Birthday Jitters

In less than a week’s time, I will be turning a year older – which is not saying much, as I’m a firm believer of growing older by experience and not by calendar. Kind friends have hinted at wanting to celebrate the occasion – for which I’m thankful, really – but my birthday has never been my thing. On other people’s birthdays, I like to play the role of head organizer: I contact everyone, I plan itineraries, and I make sure the conversations keep going. But on my birthday I prefer being alone to stew on the true meaning of aging. Last year, I spent my birthday writing Arashi fanfiction alone, and I don’t think I spoke with anyone the whole day. Sheer bliss.

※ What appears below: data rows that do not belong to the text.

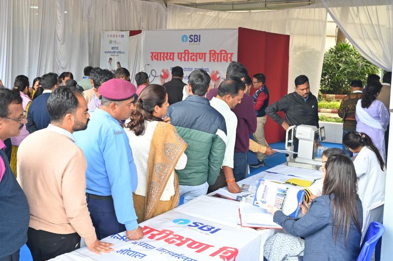 भोपाल। देश के सार्वजनिक क्षेत्र के सबसे बढे बैंक भारतीय स्टेट बैंक ने स्थानीय प्रधान कार्यालय में आज कर्मचारियों के स्वास्थ्य, ऊर्जा और कार्यक्षमता को सुदृढ़ बनाने के उद्देश्य से कॉरपोरेट एम्पलाई इंगेजमेंट के तहत एक भव्य हेल्थ अवेयरनेस कैंप का सफल आयोजन किया गया। कार्यक्रम का शुभारंभ सर्किल के मुखिया मुख्य महाप्रबंधक श्री प्रभाष कुमार सुबुद्धि, महाप्रबंधक-2 श्री ओंकारनाथ चौधरी, महाप्रबंधक-3 श्री मनोज कुमार तथा डीजीएम एवं सीडीओ श्री मनीष मठपाल द्वारा स्वयं का हेल्थ चेकअप करवाकर औपचारिक उद्घाटन किया गया। इस अवसर पर स्थानीय प्रधान कार्यालय के अधिकारी एवं कर्मचारी बड़ी संख्या में उपस्थित रहे और पूरे उत्साह व अनुशासन के साथ कार्यक्रम में भाग लिया। शिविर के अंतर्गत ब्लड प्रेशर, शुगर, ईसीजी, नेत्र परीक्षण सहित विभिन्न स्वास्थ्य जांच की गई तथा अनुभवी चिकित्सकों द्वारा व्यक्तिगत परामर्श भी प्रदान किया गया।
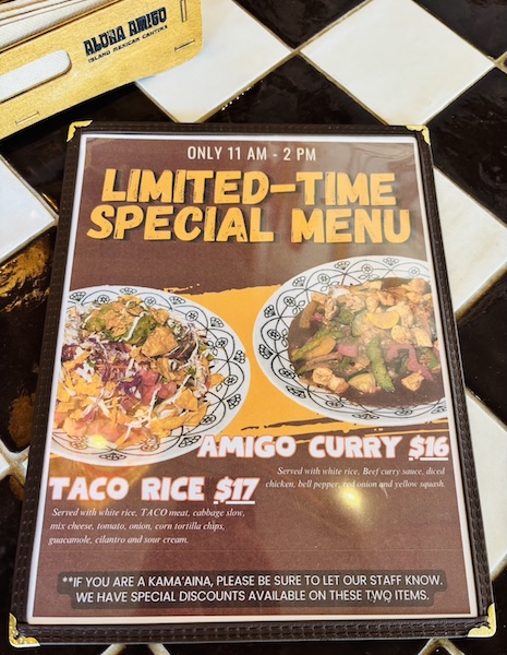ワイキキの人気店「Aloha Amigo」では、ハワイ在住者向けに$13カマアイナランチメニューを導入。
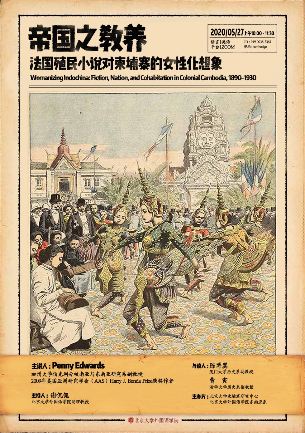 2020年5月27日,世界著名东南亚研究学者、加州大学伯克利分校南亚与东南亚研究系副教授Penny Edwards为外院师生进行了一场在线讲座,主题为“帝国之教养:法国殖民小说对柬埔寨的女性化想象”。讲座由太阳成集团tyc33455cc官网柬埔寨研究中心和外院东南亚系主办,谢侃侃博士主持,相关院系及兄弟院校的数十名师生参加了此次在线研讨。
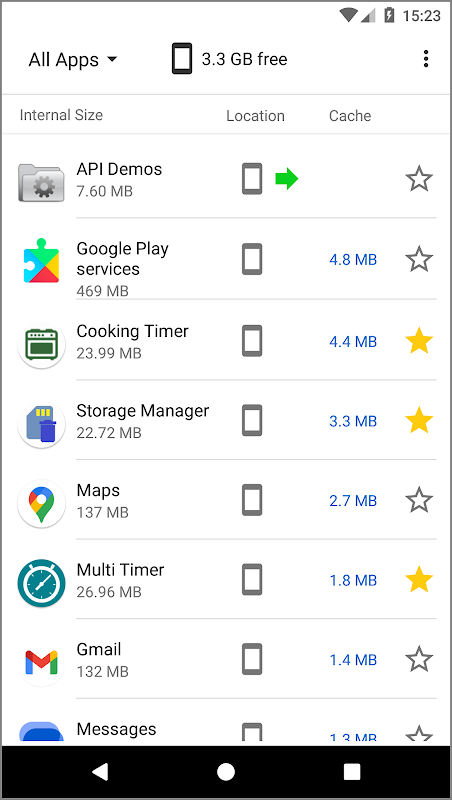 با Storage Manager، میتوانید برنامههایی را که فضای ارزشمندی را در حافظه داخلی خود ذخیره میکنند شناسایی کنید و به راحتی به صفحه تنظیمات Android برای هر برنامه انتخابی بروید و به شما امکان میدهد تغییرات لازم را انجام دهید و فضا را آزاد کنید. از پاک کردن حافظه پنهان و انتقال برنامه ها به کارت SD گرفته تا پاک کردن داده ها و حذف نصب برنامه ها، همه اینها تنها با چند ضربه فاصله دارند.
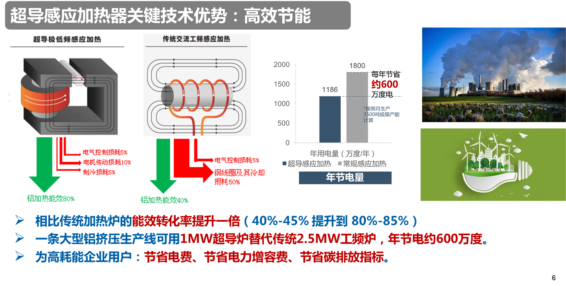 高效節能是這種加熱方法的最突出優勢。傳統的工頻爐,大量的熱能消耗在產生磁場的銅線圈上,并沒有注入工件體內,因此加熱效率只有不到50%。超導感應加熱,由于其零電阻特性,產生強磁場只消耗些低溫制冷損耗,加上機械傳動損耗在內,總損耗不會超過20%,因此可以將加熱能效大幅提升到80%以上。這就意味著一臺1mw的超導爐可以替代掉傳統2.5兆瓦的工頻爐,一年運行可為客戶節省600萬度電,除此之外,還能節省電力增容費,和未來的碳排放指標。

My birthday this year is made even more significant by the fact that I am now irrevocably an adult. I don’t feel like one, and I’m not sure I even know what it feels to be one, but I’ve come to a point of my physical growth where I can start popping out kids once every year and walk away (relatively) unscathed. It honestly bothers me that while my friends are out there happening to things – becoming managers, falling in love, seeing the world, starting families – I am still trying to survive college with as much dignity as I can muster. What makes it worse is that I feel like everyone around me is giving me grief for lagging behind, as though I, too, wanted to be that girl that everyone would remember at parties and shake their heads over while thinking, “She had so much potential, but she wasted it.”

To comfort myself, I think from time to time that I have been humbled and made wiser by the emotional void of the past four years. Granted, it has turned me into stone – or a plant, whichever, in any case, I don’t feel very human – if only because hardening my heart became the only way to keep myself in one piece. I tell myself, maybe this is what being an adult is about, maybe it’s about learning to forgive yourself and slowly coming to terms with the fact that the superwoman you so wanted to be at age 15 is now an impossible vision that you will never achieve. Maybe being an adult is accepting the reality that for most people, life is an overrated struggle to survive, and the only highlight of your month will take form in that plastic tub of ice cream that you allow yourself once in a while if only because it makes you feel less lonely about being undeniably alone.

I am turning a year older, and I’m not sure what I think about it.